» **Task instructions**:
Starting at the line containing "När man serverar" and ending at the line containing "2月19日(木)、2年生普通", print every line of the material below exactly, both ends included, and stop there.

» **Data shown**:
----
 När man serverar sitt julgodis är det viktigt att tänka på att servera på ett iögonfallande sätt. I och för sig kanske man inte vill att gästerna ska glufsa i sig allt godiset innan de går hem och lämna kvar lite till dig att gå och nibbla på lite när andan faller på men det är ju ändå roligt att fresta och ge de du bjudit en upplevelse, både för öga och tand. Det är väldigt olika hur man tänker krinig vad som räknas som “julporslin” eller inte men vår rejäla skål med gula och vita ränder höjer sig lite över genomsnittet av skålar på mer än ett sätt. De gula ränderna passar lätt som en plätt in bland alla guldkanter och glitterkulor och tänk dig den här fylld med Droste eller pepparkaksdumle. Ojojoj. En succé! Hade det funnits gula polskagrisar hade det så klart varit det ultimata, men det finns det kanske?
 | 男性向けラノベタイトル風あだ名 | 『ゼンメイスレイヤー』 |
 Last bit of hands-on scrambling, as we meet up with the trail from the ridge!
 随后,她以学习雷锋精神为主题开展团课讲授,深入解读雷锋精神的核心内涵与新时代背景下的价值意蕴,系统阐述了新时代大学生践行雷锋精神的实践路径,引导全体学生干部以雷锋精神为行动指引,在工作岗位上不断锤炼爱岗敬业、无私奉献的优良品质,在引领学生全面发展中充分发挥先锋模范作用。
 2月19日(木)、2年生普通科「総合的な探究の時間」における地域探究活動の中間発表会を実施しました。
----
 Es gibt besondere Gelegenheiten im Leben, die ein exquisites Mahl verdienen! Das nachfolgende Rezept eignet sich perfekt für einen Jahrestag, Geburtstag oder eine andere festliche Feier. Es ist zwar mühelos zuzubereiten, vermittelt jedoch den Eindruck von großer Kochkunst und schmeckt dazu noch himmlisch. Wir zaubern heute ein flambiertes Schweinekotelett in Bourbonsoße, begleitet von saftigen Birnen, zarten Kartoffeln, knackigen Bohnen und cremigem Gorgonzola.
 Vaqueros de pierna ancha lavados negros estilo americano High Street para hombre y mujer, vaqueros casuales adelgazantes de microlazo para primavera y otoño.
----
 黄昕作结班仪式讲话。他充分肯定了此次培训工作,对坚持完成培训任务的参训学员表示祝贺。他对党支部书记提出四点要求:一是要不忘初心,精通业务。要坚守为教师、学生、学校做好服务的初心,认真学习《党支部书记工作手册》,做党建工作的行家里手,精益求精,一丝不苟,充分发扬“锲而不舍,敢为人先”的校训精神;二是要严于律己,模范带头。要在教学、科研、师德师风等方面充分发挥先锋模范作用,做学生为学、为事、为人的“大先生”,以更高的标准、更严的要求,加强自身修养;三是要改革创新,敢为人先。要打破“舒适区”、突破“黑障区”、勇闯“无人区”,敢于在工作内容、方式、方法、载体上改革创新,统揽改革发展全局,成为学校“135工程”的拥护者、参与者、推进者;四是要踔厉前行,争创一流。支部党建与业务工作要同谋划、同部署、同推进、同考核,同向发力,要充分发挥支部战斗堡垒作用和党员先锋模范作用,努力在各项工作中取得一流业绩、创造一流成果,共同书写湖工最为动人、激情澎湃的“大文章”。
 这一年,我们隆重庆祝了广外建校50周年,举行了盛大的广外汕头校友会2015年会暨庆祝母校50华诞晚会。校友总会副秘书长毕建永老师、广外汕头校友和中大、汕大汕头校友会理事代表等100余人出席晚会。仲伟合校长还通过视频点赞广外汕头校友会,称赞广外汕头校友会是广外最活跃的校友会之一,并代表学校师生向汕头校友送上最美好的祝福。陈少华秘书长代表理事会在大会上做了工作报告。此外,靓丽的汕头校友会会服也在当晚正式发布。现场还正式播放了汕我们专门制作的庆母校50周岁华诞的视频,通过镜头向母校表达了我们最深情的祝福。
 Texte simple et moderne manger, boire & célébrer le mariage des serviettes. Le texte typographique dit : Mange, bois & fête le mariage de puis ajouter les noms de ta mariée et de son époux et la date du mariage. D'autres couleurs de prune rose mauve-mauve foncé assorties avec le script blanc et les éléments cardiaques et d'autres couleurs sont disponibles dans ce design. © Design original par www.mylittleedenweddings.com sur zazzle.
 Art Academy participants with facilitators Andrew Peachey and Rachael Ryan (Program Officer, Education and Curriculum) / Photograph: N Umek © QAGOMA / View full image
----
» **Solution for this problem**:
 När man serverar sitt julgodis är det viktigt att tänka på att servera på ett iögonfallande sätt. I och för sig kanske man inte vill att gästerna ska glufsa i sig allt godiset innan de går hem och lämna kvar lite till dig att gå och nibbla på lite när andan faller på men det är ju ändå roligt att fresta och ge de du bjudit en upplevelse, både för öga och tand. Det är väldigt olika hur man tänker krinig vad som räknas som “julporslin” eller inte men vår rejäla skål med gula och vita ränder höjer sig lite över genomsnittet av skålar på mer än ett sätt. De gula ränderna passar lätt som en plätt in bland alla guldkanter och glitterkulor och tänk dig den här fylld med Droste eller pepparkaksdumle. Ojojoj. En succé! Hade det funnits gula polskagrisar hade det så klart varit det ultimata, men det finns det kanske?
 | 男性向けラノベタイトル風あだ名 | 『ゼンメイスレイヤー』 |
 Last bit of hands-on scrambling, as we meet up with the trail from the ridge!
 随后,她以学习雷锋精神为主题开展团课讲授,深入解读雷锋精神的核心内涵与新时代背景下的价值意蕴,系统阐述了新时代大学生践行雷锋精神的实践路径,引导全体学生干部以雷锋精神为行动指引,在工作岗位上不断锤炼爱岗敬业、无私奉献的优良品质,在引领学生全面发展中充分发挥先锋模范作用。
 2月19日(木)、2年生普通科「総合的な探究の時間」における地域探究活動の中間発表会を実施しました。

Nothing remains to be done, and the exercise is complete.